We have been doing some house repairs and updates.  Some long overdo.  So that's going to be nice.  New cordless blinds a couple new doors and maybe new gutters.  Right now the gutters are so bad that they are ruining my flower beds when we get a good rain..... too much water too fast and hard.  So I'm excited at the prospect of that improvement. And I can do some planting afterward.  Lots of work to do all the time.  But it's all good.  We try to keep busy and when I'm busy I'm more productive and much happier.

So that's what's up.  I think it's important to focus only on the positive things in life.  If you are reading this,  my prayer is that God will bless you with peace and comfort today.


Saturday, May 12, 2018

Less Funky

Saturday night... tomorrow is Mother'sDay.... first one without my mom.... weird.... I should have sent cards to my sisters... I meant to and I didn't.... I still haven't sent out my thank you notes... maybe I will get them done tomorrow.

I have a headache tonight so I wasn't very productive tonight.
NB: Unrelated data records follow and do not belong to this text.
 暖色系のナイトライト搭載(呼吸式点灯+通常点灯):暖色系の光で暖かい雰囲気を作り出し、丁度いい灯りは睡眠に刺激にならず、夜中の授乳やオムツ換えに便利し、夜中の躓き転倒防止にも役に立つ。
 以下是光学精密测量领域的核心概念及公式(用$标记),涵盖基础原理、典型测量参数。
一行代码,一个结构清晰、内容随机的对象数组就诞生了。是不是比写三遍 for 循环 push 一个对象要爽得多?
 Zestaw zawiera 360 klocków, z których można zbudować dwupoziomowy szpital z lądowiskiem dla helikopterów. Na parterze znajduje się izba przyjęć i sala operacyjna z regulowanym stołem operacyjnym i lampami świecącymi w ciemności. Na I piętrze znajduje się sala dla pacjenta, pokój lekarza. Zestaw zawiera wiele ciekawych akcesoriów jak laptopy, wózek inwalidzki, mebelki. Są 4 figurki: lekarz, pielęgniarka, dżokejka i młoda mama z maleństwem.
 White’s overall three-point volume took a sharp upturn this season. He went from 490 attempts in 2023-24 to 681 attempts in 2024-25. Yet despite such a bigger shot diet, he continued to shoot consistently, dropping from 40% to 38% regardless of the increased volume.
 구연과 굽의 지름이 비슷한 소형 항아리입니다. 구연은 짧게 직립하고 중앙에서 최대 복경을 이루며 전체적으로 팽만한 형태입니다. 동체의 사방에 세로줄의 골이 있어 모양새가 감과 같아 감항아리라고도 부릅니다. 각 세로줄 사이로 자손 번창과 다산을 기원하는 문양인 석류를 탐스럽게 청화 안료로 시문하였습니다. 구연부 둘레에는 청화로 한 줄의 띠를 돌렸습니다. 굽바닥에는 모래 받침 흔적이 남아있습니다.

But today,  I did get my Purple Hop Quilt assembled and the binding made.  I also got a package packed to send to Lorna with the backing for EQ2 and the Purple Hop and some fun things for her.... and it is mailed.
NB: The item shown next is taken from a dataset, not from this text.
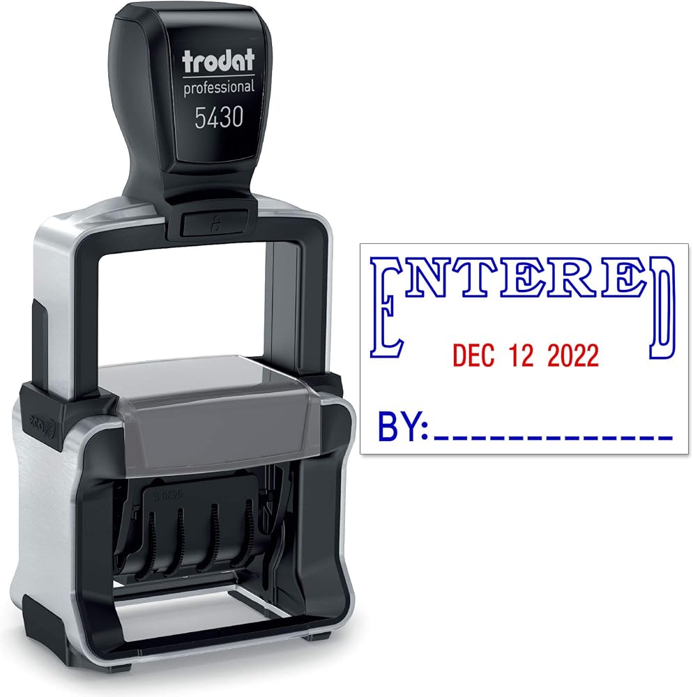 Trodat 5430 Professional Self-Inking Date Stamp with Entered - Blue/Red 2 Color Ink

It was a lovely day but rain was expected and for the next week!  So we went for a bike ride and it was great.  The thing about the motorcycle is when your out zooming along it's a sensory experience.  Today the lilacs were amazingly fragrant... the wind was blowing us around a bit, but the birds were enjoying the wind.  I enjoyed watching them as they soared high.

The Gardenia I received was struggling.  After repotting it and worrying over the yellow leaves that were appearing, it may be coming out of its funk.  There's a spot on the front porch for it, but the temps are still dipping into the 50s or lower so I've been bringing it in at night.  Hopefully it will pull through.

I woke up early, to sew, to get that stuff in the mail by noon.  Success.  But tonight I'm fading fast.

Hahaha, this was a backwards post... today was a good day. Maybe like the Gardenia, I will soon get out of my funk.  Thankful for my family and hopeful for the changes on the horizon.... expected and unexpected.